#### Task directions:
In the listing below, locate the line containing "Quadro poster flower" and the line containing "では、早速3つのステップの説". Output both of them and every line between, exactly as written, and nothing more.

#### Study material:
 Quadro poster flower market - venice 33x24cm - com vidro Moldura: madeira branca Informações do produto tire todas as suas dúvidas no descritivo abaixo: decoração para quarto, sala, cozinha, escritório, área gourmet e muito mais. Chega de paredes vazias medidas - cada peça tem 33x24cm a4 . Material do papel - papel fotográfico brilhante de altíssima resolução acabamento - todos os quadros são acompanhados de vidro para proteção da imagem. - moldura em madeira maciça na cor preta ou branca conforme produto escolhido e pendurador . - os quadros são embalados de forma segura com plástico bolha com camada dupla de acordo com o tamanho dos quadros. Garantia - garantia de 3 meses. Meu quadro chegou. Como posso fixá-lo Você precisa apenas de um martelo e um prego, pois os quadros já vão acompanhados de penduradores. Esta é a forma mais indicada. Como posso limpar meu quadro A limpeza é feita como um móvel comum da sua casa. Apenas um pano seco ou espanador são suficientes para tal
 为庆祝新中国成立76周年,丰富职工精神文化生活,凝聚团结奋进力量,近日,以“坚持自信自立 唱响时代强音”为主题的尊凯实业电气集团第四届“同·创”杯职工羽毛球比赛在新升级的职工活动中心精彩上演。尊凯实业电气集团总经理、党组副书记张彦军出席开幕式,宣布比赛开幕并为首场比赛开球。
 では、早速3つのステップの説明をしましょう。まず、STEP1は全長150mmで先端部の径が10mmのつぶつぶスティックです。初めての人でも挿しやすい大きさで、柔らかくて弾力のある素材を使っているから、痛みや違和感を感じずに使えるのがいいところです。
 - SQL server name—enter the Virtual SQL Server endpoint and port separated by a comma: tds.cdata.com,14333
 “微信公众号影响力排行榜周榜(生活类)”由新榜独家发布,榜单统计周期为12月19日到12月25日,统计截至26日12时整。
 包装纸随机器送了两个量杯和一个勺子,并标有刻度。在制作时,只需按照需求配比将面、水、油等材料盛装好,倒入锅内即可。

---

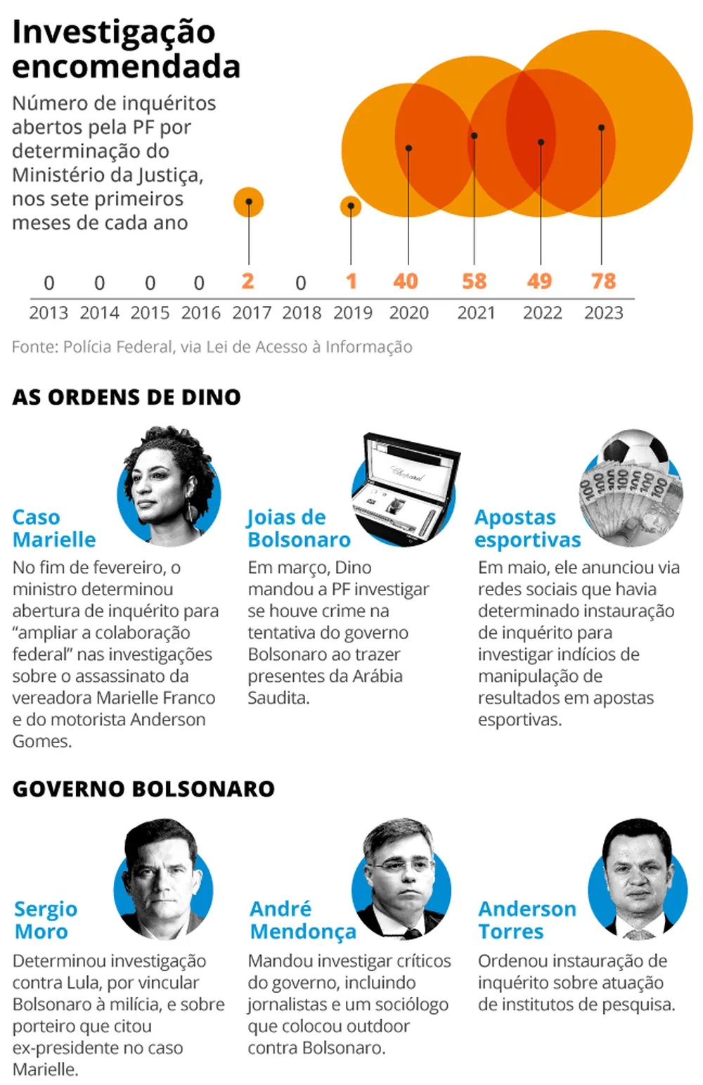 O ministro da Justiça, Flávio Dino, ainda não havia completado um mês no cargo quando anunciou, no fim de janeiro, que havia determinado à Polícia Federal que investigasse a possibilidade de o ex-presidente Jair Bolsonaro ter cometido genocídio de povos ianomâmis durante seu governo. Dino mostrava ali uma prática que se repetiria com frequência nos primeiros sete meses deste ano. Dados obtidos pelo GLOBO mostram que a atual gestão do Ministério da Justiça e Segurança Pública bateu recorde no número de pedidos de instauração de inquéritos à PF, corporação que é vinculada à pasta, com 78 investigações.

---

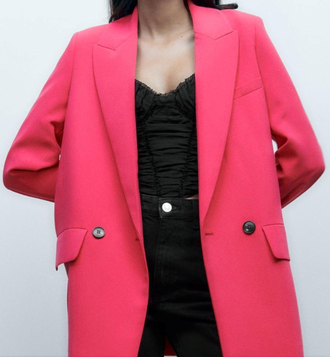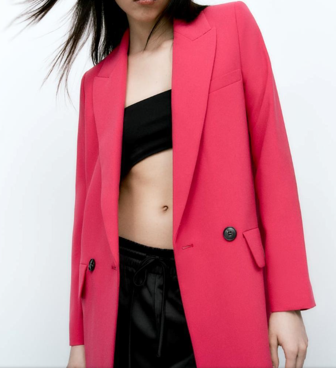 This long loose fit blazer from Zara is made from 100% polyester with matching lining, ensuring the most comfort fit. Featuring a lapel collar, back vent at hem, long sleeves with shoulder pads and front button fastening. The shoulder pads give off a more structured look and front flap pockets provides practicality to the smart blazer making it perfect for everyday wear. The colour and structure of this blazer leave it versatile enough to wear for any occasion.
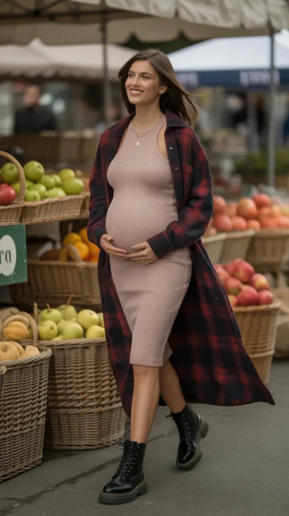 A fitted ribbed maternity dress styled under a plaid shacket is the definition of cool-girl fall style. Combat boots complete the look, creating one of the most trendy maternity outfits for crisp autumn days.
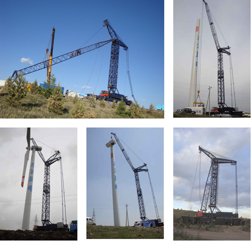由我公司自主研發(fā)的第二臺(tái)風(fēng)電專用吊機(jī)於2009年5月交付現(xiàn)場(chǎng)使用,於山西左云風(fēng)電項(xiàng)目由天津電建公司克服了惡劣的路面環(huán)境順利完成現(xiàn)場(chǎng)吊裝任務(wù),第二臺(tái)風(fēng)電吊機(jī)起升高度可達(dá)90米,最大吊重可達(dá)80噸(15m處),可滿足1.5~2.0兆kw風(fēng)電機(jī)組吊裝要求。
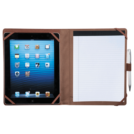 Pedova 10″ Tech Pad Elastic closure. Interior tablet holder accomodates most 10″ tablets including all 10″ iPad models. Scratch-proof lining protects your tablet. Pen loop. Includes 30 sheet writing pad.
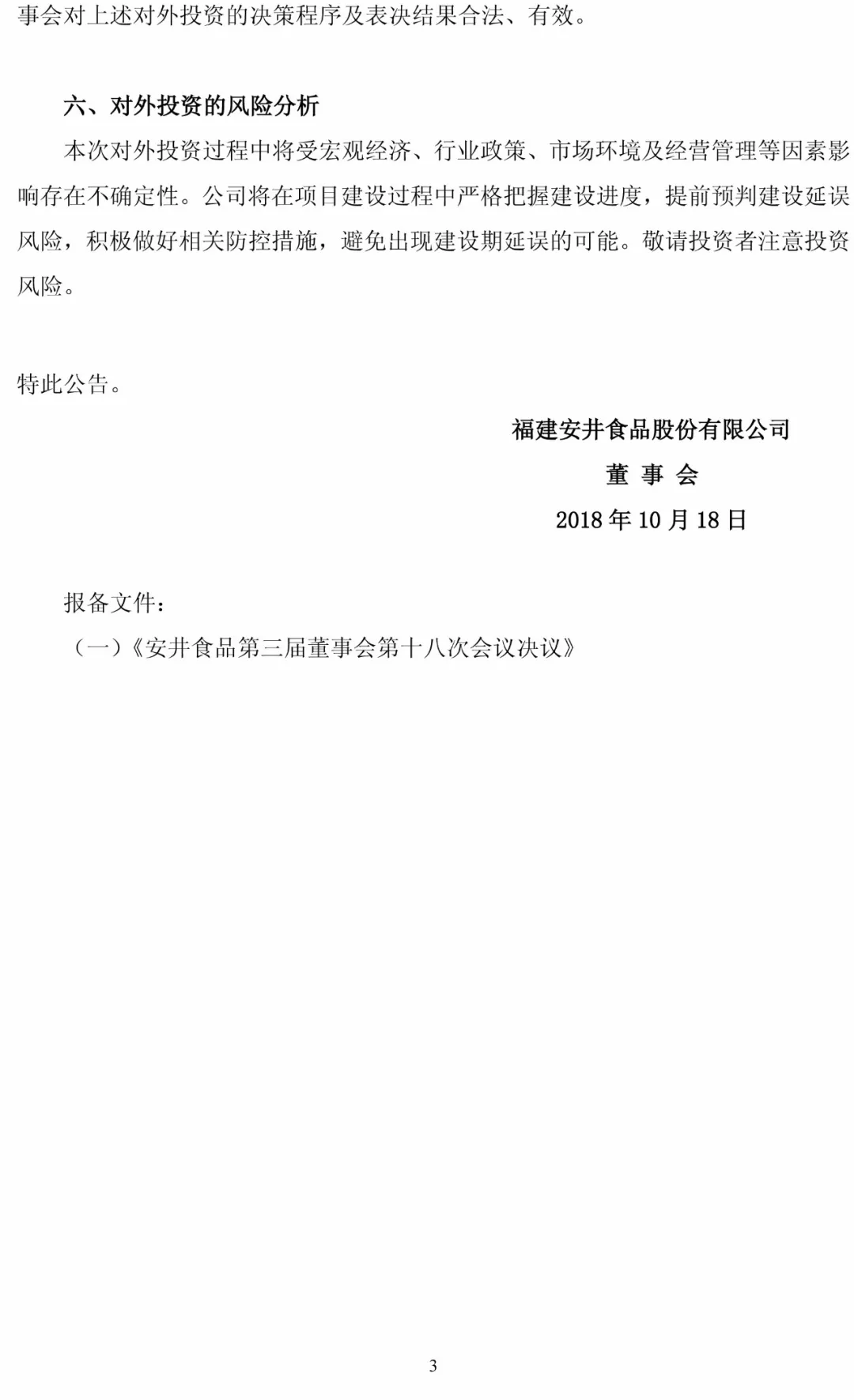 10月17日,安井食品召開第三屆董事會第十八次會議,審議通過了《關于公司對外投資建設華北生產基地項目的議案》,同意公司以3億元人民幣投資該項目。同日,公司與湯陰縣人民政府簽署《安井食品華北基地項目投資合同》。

#### Solution to this problem:
 Quadro poster flower market - venice 33x24cm - com vidro Moldura: madeira branca Informações do produto tire todas as suas dúvidas no descritivo abaixo: decoração para quarto, sala, cozinha, escritório, área gourmet e muito mais. Chega de paredes vazias medidas - cada peça tem 33x24cm a4 . Material do papel - papel fotográfico brilhante de altíssima resolução acabamento - todos os quadros são acompanhados de vidro para proteção da imagem. - moldura em madeira maciça na cor preta ou branca conforme produto escolhido e pendurador . - os quadros são embalados de forma segura com plástico bolha com camada dupla de acordo com o tamanho dos quadros. Garantia - garantia de 3 meses. Meu quadro chegou. Como posso fixá-lo Você precisa apenas de um martelo e um prego, pois os quadros já vão acompanhados de penduradores. Esta é a forma mais indicada. Como posso limpar meu quadro A limpeza é feita como um móvel comum da sua casa. Apenas um pano seco ou espanador são suficientes para tal
 为庆祝新中国成立76周年,丰富职工精神文化生活,凝聚团结奋进力量,近日,以“坚持自信自立 唱响时代强音”为主题的尊凯实业电气集团第四届“同·创”杯职工羽毛球比赛在新升级的职工活动中心精彩上演。尊凯实业电气集团总经理、党组副书记张彦军出席开幕式,宣布比赛开幕并为首场比赛开球。
 では、早速3つのステップの説明をしましょう。まず、STEP1は全長150mmで先端部の径が10mmのつぶつぶスティックです。初めての人でも挿しやすい大きさで、柔らかくて弾力のある素材を使っているから、痛みや違和感を感じずに使えるのがいいところです。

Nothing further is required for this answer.